= Beginning of Section =

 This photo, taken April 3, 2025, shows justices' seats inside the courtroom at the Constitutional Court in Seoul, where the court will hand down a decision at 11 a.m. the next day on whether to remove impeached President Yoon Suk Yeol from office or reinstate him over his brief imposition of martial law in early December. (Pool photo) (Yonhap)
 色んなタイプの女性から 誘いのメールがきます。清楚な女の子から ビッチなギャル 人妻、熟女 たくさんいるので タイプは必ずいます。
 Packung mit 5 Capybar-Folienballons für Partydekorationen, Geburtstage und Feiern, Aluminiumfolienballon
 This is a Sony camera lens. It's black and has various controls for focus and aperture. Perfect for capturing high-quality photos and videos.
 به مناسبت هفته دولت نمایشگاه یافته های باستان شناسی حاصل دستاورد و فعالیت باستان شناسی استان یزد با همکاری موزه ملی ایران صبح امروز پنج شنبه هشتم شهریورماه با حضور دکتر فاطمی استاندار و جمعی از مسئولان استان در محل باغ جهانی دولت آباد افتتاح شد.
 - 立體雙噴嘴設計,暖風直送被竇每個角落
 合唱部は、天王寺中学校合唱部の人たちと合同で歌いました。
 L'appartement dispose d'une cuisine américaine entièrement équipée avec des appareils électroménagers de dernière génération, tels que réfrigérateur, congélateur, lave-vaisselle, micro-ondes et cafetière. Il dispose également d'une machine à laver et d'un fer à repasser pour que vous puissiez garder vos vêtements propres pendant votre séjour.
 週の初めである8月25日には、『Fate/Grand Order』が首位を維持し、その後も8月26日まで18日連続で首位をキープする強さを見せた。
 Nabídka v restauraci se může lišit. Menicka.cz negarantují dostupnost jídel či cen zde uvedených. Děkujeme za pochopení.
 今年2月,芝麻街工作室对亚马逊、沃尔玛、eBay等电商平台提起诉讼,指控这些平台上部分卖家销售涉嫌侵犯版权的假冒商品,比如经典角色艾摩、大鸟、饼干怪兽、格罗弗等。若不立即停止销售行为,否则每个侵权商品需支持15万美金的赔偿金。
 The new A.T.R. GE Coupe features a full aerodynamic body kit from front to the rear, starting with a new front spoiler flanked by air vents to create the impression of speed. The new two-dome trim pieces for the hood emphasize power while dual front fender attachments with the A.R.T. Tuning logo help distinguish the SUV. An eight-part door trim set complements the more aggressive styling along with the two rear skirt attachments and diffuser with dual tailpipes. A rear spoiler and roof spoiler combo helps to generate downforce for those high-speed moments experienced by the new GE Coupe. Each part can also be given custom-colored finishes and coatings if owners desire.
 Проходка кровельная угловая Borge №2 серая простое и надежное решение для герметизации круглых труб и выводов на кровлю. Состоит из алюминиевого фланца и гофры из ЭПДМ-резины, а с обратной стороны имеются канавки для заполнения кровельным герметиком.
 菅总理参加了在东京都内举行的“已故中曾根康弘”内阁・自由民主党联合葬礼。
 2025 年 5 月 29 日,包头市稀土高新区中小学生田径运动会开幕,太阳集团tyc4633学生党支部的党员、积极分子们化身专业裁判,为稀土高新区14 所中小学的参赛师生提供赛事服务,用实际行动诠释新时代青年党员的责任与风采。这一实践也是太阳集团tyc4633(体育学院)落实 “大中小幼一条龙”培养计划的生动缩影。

= End of Section =

■ EXERCISE GOAL
If a line in the material above contains the word "from", copy it.

■ TASK SOLUTION
 This photo, taken April 3, 2025, shows justices' seats inside the courtroom at the Constitutional Court in Seoul, where the court will hand down a decision at 11 a.m. the next day on whether to remove impeached President Yoon Suk Yeol from office or reinstate him over his brief imposition of martial law in early December. (Pool photo) (Yonhap)
 The new A.T.R. GE Coupe features a full aerodynamic body kit from front to the rear, starting with a new front spoiler flanked by air vents to create the impression of speed. The new two-dome trim pieces for the hood emphasize power while dual front fender attachments with the A.R.T. Tuning logo help distinguish the SUV. An eight-part door trim set complements the more aggressive styling along with the two rear skirt attachments and diffuser with dual tailpipes. A rear spoiler and roof spoiler combo helps to generate downforce for those high-speed moments experienced by the new GE Coupe. Each part can also be given custom-colored finishes and coatings if owners desire.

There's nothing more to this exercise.